If you have multiple characters with agent skill (of varying degrees: agent 10 through agent 40) and each one issues the order to GrdChar another character in the same hex, will the guarded character receive EXTRA protection? In other words, will a hostile agent have to fight through all of the guarding friendly agents to get to the target character?
Yes, the attacking agent will have cut through all of the defending agents. Fortunately for the Cloud Lord, this is not difficult. In a combat situation it is usually not advisable to agent guard. You just allow the enemy attacking agent to kill or wound 3 or 4 of your characters with one order. The defender is actively aiding the attacker. The Rulebook comment that defending agents are doubled in effectiveness is absolute hogwash. A deliberately misleading passage.
This implies that multiple agents ADD layers of protection.
the attacking agent will have cut through all of the defending agents.
But note, this isn’t “…will have TO cut through…” It’s almost as if the answer was written in a style that one can interpret as
A deliberately misleading passage.
If the question is “Do 4 40 point agents equal 160 points of defense (supposedly 320)?” At which point, I believe Arthedain73’s answer would be a resounding “No” The guard orders are taken into account individually in random order. Thus, 1 50 is better than 2 40’s, no? Another example of the linear nature of the program would be Overrunning armies. If your huge 25,000 HC army met up with 12 enemy armies, it’s irrelevant what their total numbers (constitution? ) are, they’re each taken into account as individual armies and could thusly all be overrun…just as all your weak agents are likely to be prejudicially harmed if guarding against a big meanie.
I would like to reiterate what Arthedain73 said, if you believe an enemy ‘super-agent’ is about to assassinate one of your characters, guard with only one agent per target. You could try an assassination on the enemy agent if you are at your own pop centre and have a 60’ish guard agent and you thought he was alone?
Another interesting point is that guards can be injured / killed by agents who are not double their agent rank, I had a ~65 agent injured by an enemy agent with ~ 100 rank.
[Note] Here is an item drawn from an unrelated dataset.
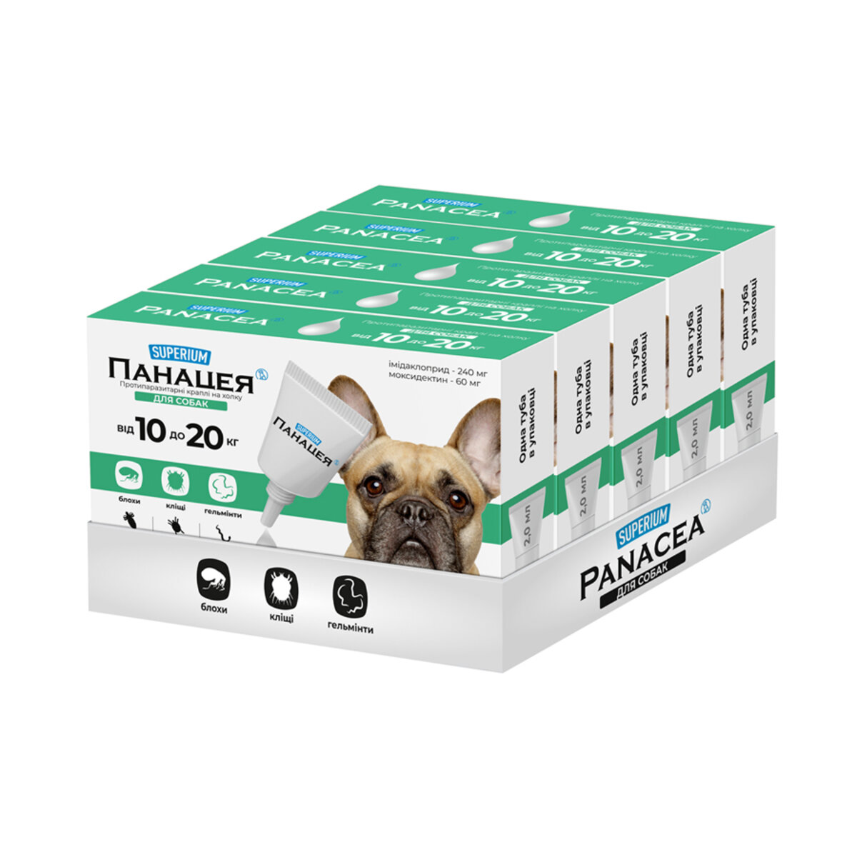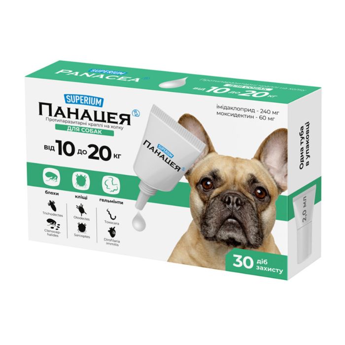SUPERIUM Панацея – комплексні протипаразитарні краплі для собак вагою від 10 до 20 кг. Забезпечують захист від 26 видів паразитів протягом 30 діб. Ефективні для лікування та профілактики ураження блохами та їх личинками, вошами, волосоїдами, вушними та підшкірними кліщами, а також гельмінтами (нематодами).

I guess the double guarding formula does not apply to assassins once they exceed the 100 agent rank. Anyone else find cases of this happening?
It is not just assassinations. Any guarding in a combat zone is fraught. In a recent game one of my ‘team mates’ lost situational awareness and stole gold from one of my camps. The camp was guarded by an A33 and an A36. His A42 cut right through the two defending agents, wounding them and stole the gold. This sort of thing happens all the time. Don’t guard in combat situations. Those few times it works is not because the guard worked but because the enemy agent got his 5% ‘fumble’ random roll. Oh well, you have been warned.
The example of your team mate’s agent cutting through your guarding agents may be a good example of how a bad relations modifier effects covert actions against your nation? My experience is that few or no enemy agents of a similar rank would have succeeded in similar circumstances.
I think it should be quite “easy” to find out if this is the way multiple guards work.
Has anyone ever experienced that an agent cuts through the first and the second guard, but gets stopped by the third guard? Because I havent as far as I remember? The agents always seem to go through all guards, or get stopped by the first.
Maybe this is because if multiple guards are pressent, they get calculated as one entity?